> **How to complete this task**: All lines from the one containing "自進(jìn)場施工以來,項" through the end of the material are to be given back exactly, without pictures.

> **Source information**:
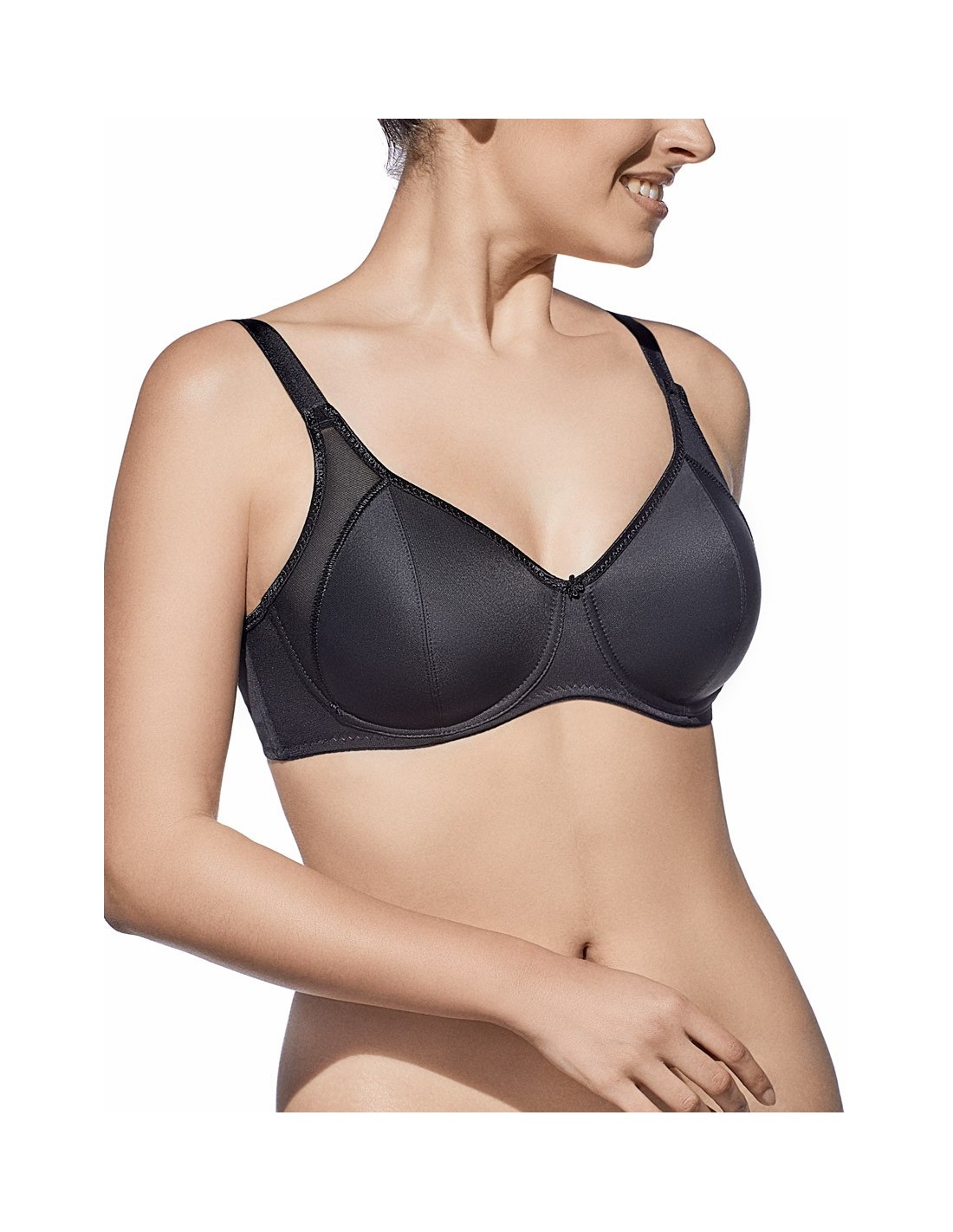Sujetador con aros y copa de relleno,con tirantes. Elegante tejido fino. Tirante ancho con regulador. Cierre de 4 posiciones.
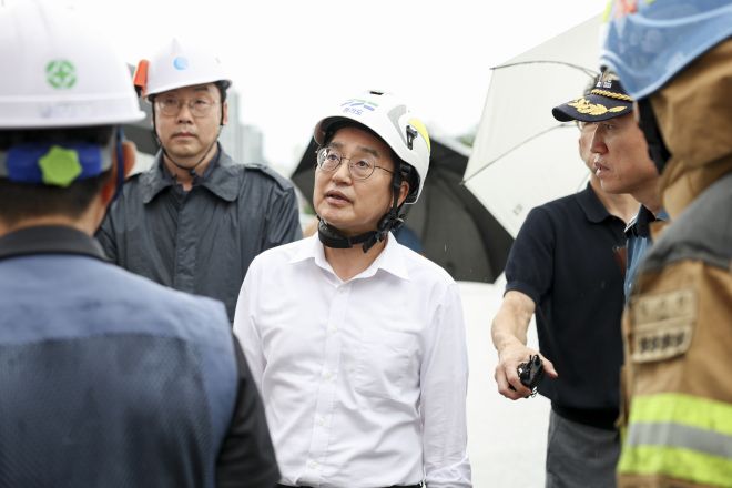 김 지사는 16일 오후 사고가 발생한 안양시 만안구 안양동 건설 현장을 찾아 “일단 복구가 우선이니까 작업을 중지하고 오늘 자정까지 복구를 진행하고, 추가 피해가 없도록 재발 방지를 신경 쓰라”고 당부했다.
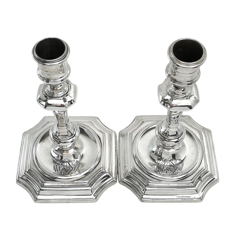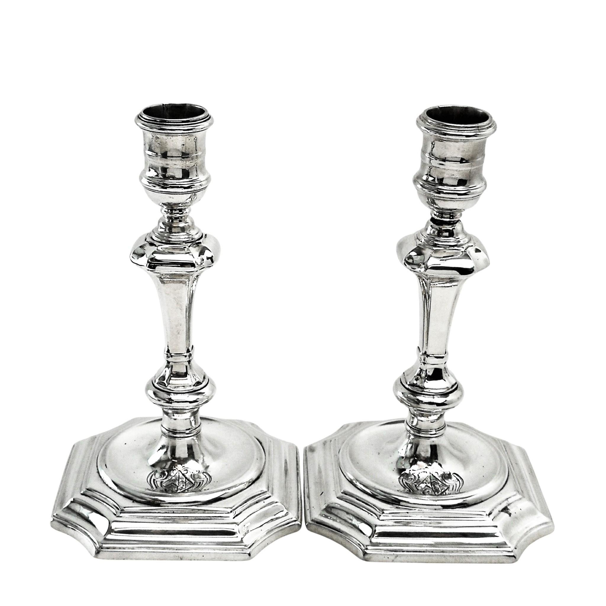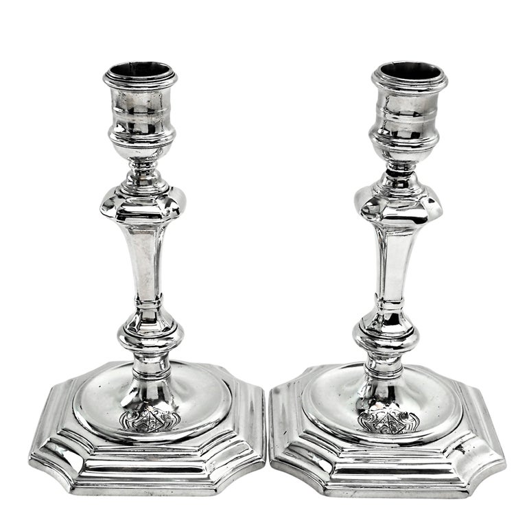 A pair of classic George I Antique sterling Silver Candlesticks standing on shaped stepped square based with a sunken well in the centre. Each Candlestick has a shaped knopped column and elegant capitals. Each Candlestick has a small armorial engraved in the central sunken well.
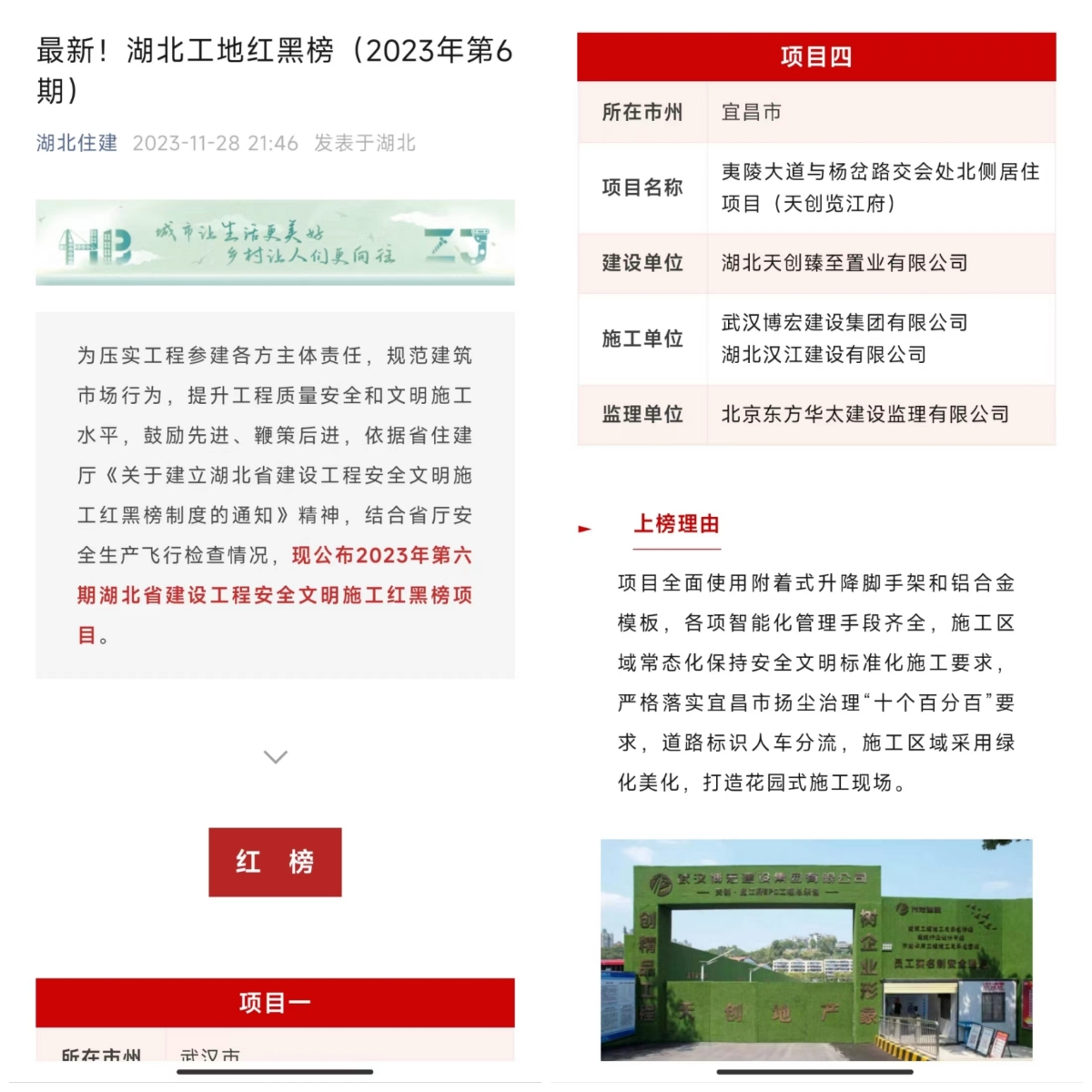 自進(jìn)場施工以來,項目榮登4次宜昌市建筑市場管理紅榜,喜獲宜昌市標(biāo)準(zhǔn)化安薪工地、市安全文明工地等多項榮譽,昨日傳來喜訊:項目喜上加喜,榮登第六期湖北省建設(shè)工程安全文明施工紅榜。
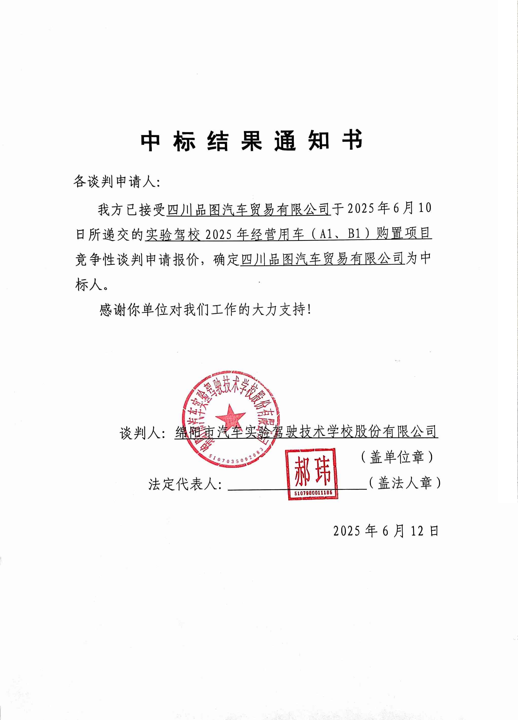 實驗駕校2025年經營用車(A1、B1)購置項目中標結果通知
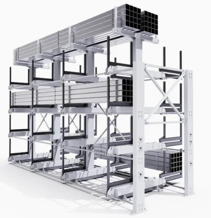 The teardrop design and adjustable beams allow for efficient use of space, maximizing storage capacity while maintaining easy access to items. The roll-out cantilever racking option is ideal for storing long materials like bar stock, angle iron, and tube, saving valuable warehouse space.

> **Your solution**:
 自進(jìn)場施工以來,項目榮登4次宜昌市建筑市場管理紅榜,喜獲宜昌市標(biāo)準(zhǔn)化安薪工地、市安全文明工地等多項榮譽,昨日傳來喜訊:項目喜上加喜,榮登第六期湖北省建設(shè)工程安全文明施工紅榜。
 實驗駕校2025年經營用車(A1、B1)購置項目中標結果通知
 The teardrop design and adjustable beams allow for efficient use of space, maximizing storage capacity while maintaining easy access to items. The roll-out cantilever racking option is ideal for storing long materials like bar stock, angle iron, and tube, saving valuable warehouse space.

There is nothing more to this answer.